December 4, 2024 in Git Flow

Ops Researchers, It’s Time to Git with the Flow

SHARE: PRINT ARTICLE:print this page https://doi.org/10.1287/orms.2024.04.05

A manager once told me, “Your model provides no value until it’s in production and making decisions. Until then, it’s simply a cost.” As operations researchers and decision scientists, we are efficiency experts. We create algorithms that make routes for food delivery, design schedules for healthcare workers, and set prices for goods and services. But how often do we find inefficiencies in the paths those algorithms take to production?

Decision science/operations research (DS/OR) as a discipline is ubiquitous yet often unrecognized and lags data science in terms of broader adoption [1]. One reason for this: Inefficiencies in productionalizing DS/OR decision algorithms. It can take months to get new or updated models into production and live in a business process. Model code is developed on local machines, passed around as zip files via email for review, with one-off tests that are hard to repeat, and handed off to software teams to deploy with little context about the code and lots of dependency juggling – and hoping it doesn’t break. As a result, decision models have to overcome a series of speed bumps to get into production and show value.

So, what can we as DS/OR practitioners do to efficiently deliver more model code and model value? A first step: Adopt modern Git practices and unlock downstream efficiencies with continuous integration/continuous delivery (CI/CD) and automated testing.

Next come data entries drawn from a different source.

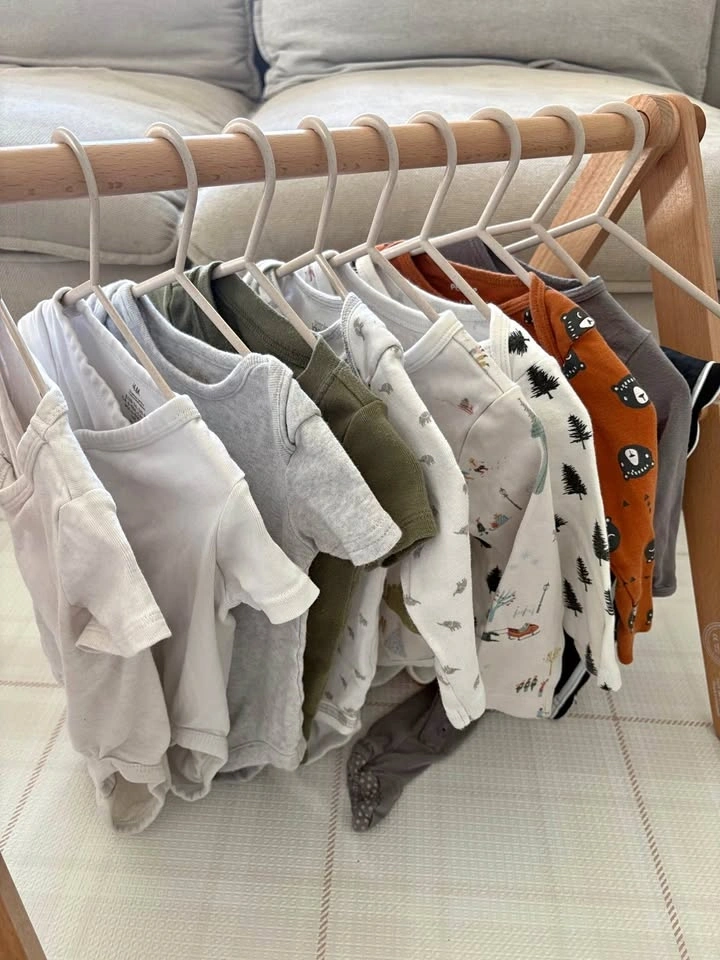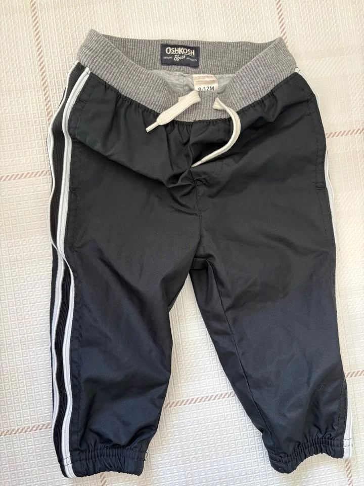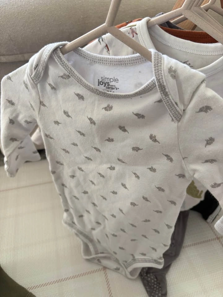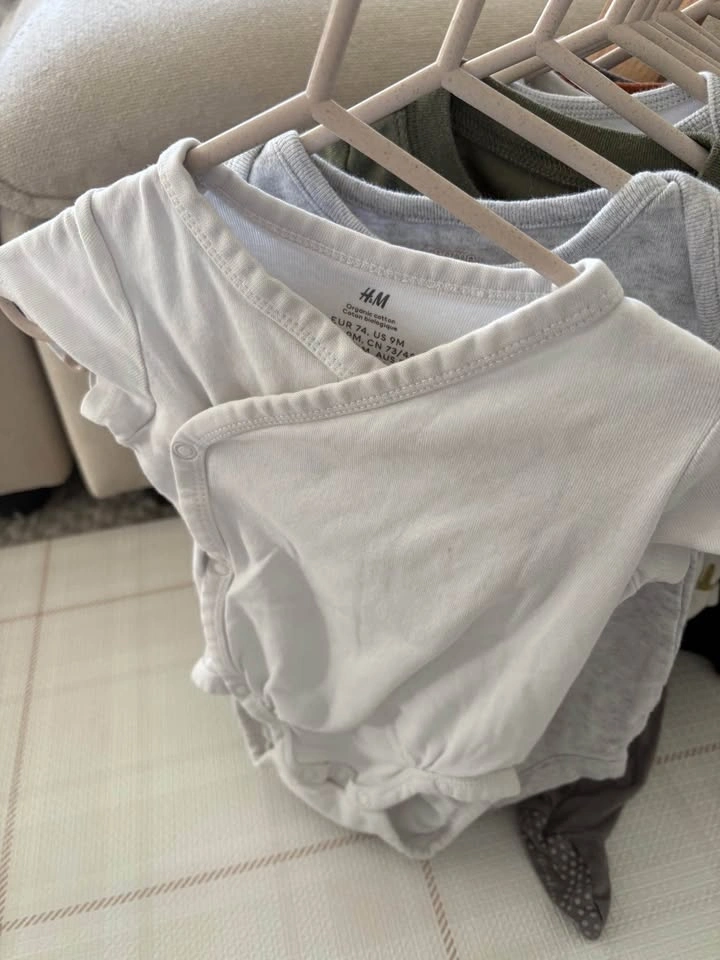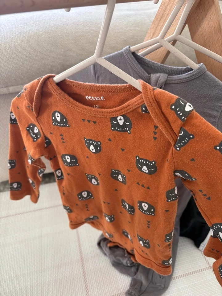 6-9M, couple of 9-12M baby bundle of 10 items - (t-shirt onesies, long-sleeve onesies, sleeper and pants). Mix of brands including Pehr, H&M, Pip & Phee, George, Carter’s, OshKosh and Pekkle).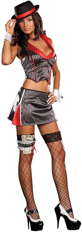 Includes: Vest with removable underwire lace bra, Skirt with adjustable side slits, Hat, Leg garter, Wrist cuffs (6 piece set)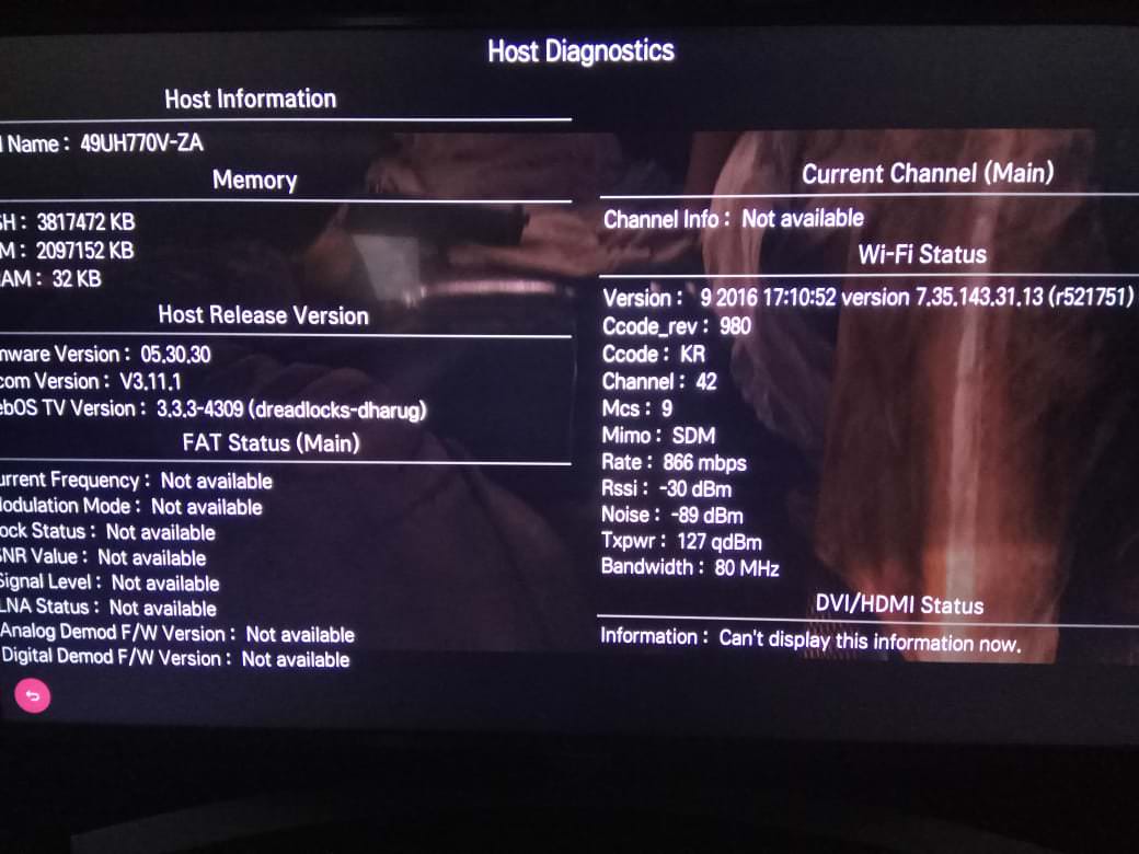 Можете сделать снимок скорости соединения телевизора из меню Host Diagnostics?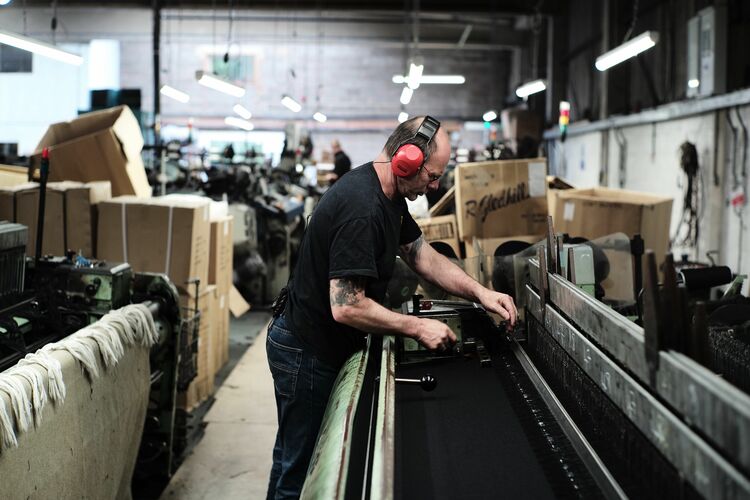 〝FOX〟の工場。織機の稼動音が鳴り響くため、職人たちは皆ヘッドフォンを装着している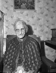 Mrs. W. M. Holcomb is celebrating her 100th birthday on January 2, 1943. She was born and raised in Arkansas. She married Mr. Holcomb when she was 18 years old. After the Civil War, the couple moved to Texas and settled near Ladonia, Texas. Mrs. Holcomb has four children. She lives with her daughter, Mrs. J. C. Payne, in Fort Worth, Texas. Mrs. Holcomb is shown sitting in a chair, wearing a dress and a crochet shawl and eyeglasses.
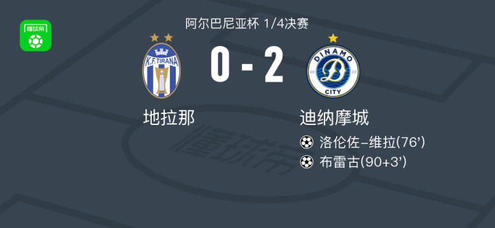 北京时间2月11日阿尔巴尼亚杯 1/4决赛,地拉那对阵迪纳摩城。迪纳摩城洛伦佐-维拉破门,布雷古破门。最终比分地拉那 0-2 迪纳摩城。

In this article, we will explore the basic concepts of Git, how it simplifies stakeholder interfaces and communication, and how it helps DS/OR practitioners realize the value of their models faster, more consistently and more frequently. 

Git Basics for DS/OR

Git is an open-source version-control solution created by Linus Torvalds (also of Linux fame) in 2005 [2]. Developed as an alternative to centralized control systems such as Subversion (or SVN), Git offers a distributed approach to software version control that has gained wide adoption and has become today’s industry standard.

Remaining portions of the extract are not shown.